Problem details — Write out each entry below exactly; the images do not belong in your copy.
#####
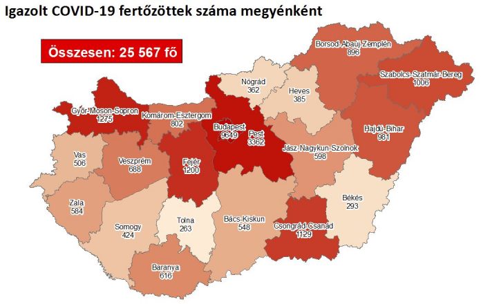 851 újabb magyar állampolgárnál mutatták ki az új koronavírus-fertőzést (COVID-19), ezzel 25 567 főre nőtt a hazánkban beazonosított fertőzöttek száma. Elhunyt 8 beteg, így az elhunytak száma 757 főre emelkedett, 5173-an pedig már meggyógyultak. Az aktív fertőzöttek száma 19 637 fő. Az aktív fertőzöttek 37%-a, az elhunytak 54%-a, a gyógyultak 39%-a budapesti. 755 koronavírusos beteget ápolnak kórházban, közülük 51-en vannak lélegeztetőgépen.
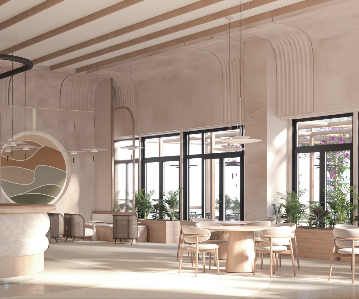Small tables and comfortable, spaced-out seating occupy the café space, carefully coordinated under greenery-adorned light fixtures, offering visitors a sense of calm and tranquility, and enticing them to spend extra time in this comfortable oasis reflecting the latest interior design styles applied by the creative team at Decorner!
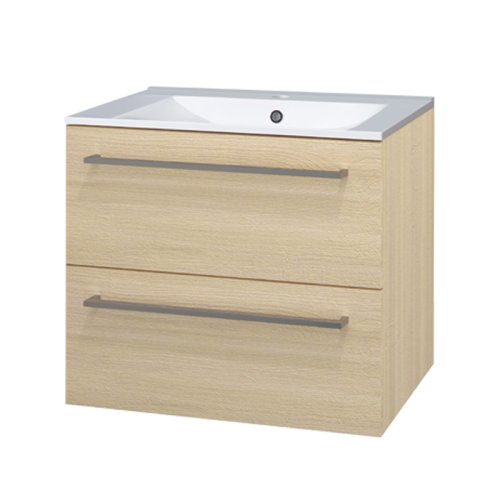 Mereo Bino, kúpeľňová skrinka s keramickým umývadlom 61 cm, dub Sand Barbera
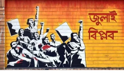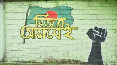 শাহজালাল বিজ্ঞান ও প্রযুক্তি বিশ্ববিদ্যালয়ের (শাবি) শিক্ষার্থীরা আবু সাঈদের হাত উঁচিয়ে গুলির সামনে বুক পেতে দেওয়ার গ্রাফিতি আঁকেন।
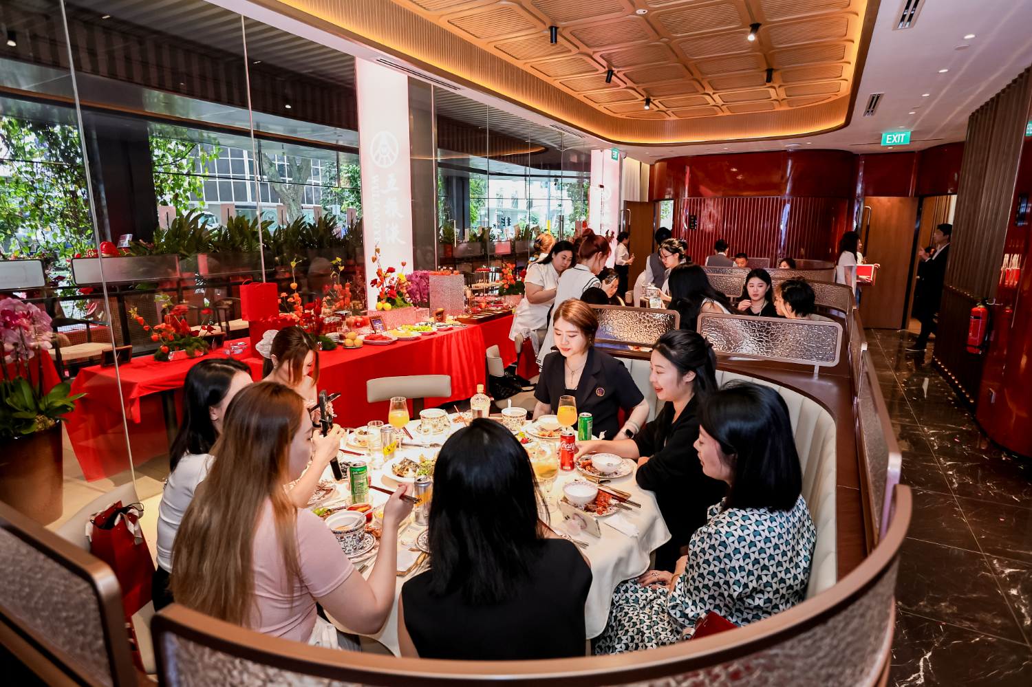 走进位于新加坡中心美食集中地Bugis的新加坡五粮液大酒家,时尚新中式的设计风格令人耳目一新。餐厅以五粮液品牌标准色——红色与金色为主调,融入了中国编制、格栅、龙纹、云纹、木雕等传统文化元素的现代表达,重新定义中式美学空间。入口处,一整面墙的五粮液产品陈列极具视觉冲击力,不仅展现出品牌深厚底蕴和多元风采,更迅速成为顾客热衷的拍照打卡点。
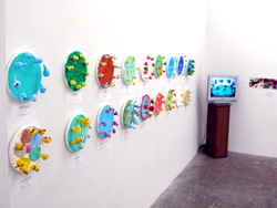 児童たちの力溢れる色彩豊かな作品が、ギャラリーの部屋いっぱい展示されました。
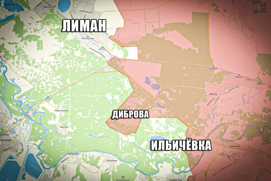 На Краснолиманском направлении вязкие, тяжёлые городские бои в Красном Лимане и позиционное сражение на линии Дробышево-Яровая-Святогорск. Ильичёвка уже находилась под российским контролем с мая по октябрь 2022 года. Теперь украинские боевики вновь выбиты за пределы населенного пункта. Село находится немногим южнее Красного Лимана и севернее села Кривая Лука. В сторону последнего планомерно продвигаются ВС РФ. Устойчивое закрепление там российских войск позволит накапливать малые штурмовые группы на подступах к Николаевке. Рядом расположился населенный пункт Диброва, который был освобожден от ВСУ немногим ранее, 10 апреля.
#####
Response to the task —
 851 újabb magyar állampolgárnál mutatták ki az új koronavírus-fertőzést (COVID-19), ezzel 25 567 főre nőtt a hazánkban beazonosított fertőzöttek száma. Elhunyt 8 beteg, így az elhunytak száma 757 főre emelkedett, 5173-an pedig már meggyógyultak. Az aktív fertőzöttek száma 19 637 fő. Az aktív fertőzöttek 37%-a, az elhunytak 54%-a, a gyógyultak 39%-a budapesti. 755 koronavírusos beteget ápolnak kórházban, közülük 51-en vannak lélegeztetőgépen.
Small tables and comfortable, spaced-out seating occupy the café space, carefully coordinated under greenery-adorned light fixtures, offering visitors a sense of calm and tranquility, and enticing them to spend extra time in this comfortable oasis reflecting the latest interior design styles applied by the creative team at Decorner!
 Mereo Bino, kúpeľňová skrinka s keramickým umývadlom 61 cm, dub Sand Barbera
 শাহজালাল বিজ্ঞান ও প্রযুক্তি বিশ্ববিদ্যালয়ের (শাবি) শিক্ষার্থীরা আবু সাঈদের হাত উঁচিয়ে গুলির সামনে বুক পেতে দেওয়ার গ্রাফিতি আঁকেন।
 走进位于新加坡中心美食集中地Bugis的新加坡五粮液大酒家,时尚新中式的设计风格令人耳目一新。餐厅以五粮液品牌标准色——红色与金色为主调,融入了中国编制、格栅、龙纹、云纹、木雕等传统文化元素的现代表达,重新定义中式美学空间。入口处,一整面墙的五粮液产品陈列极具视觉冲击力,不仅展现出品牌深厚底蕴和多元风采,更迅速成为顾客热衷的拍照打卡点。
 児童たちの力溢れる色彩豊かな作品が、ギャラリーの部屋いっぱい展示されました。
 На Краснолиманском направлении вязкие, тяжёлые городские бои в Красном Лимане и позиционное сражение на линии Дробышево-Яровая-Святогорск. Ильичёвка уже находилась под российским контролем с мая по октябрь 2022 года. Теперь украинские боевики вновь выбиты за пределы населенного пункта. Село находится немногим южнее Красного Лимана и севернее села Кривая Лука. В сторону последнего планомерно продвигаются ВС РФ. Устойчивое закрепление там российских войск позволит накапливать малые штурмовые группы на подступах к Николаевке. Рядом расположился населенный пункт Диброва, который был освобожден от ВСУ немногим ранее, 10 апреля.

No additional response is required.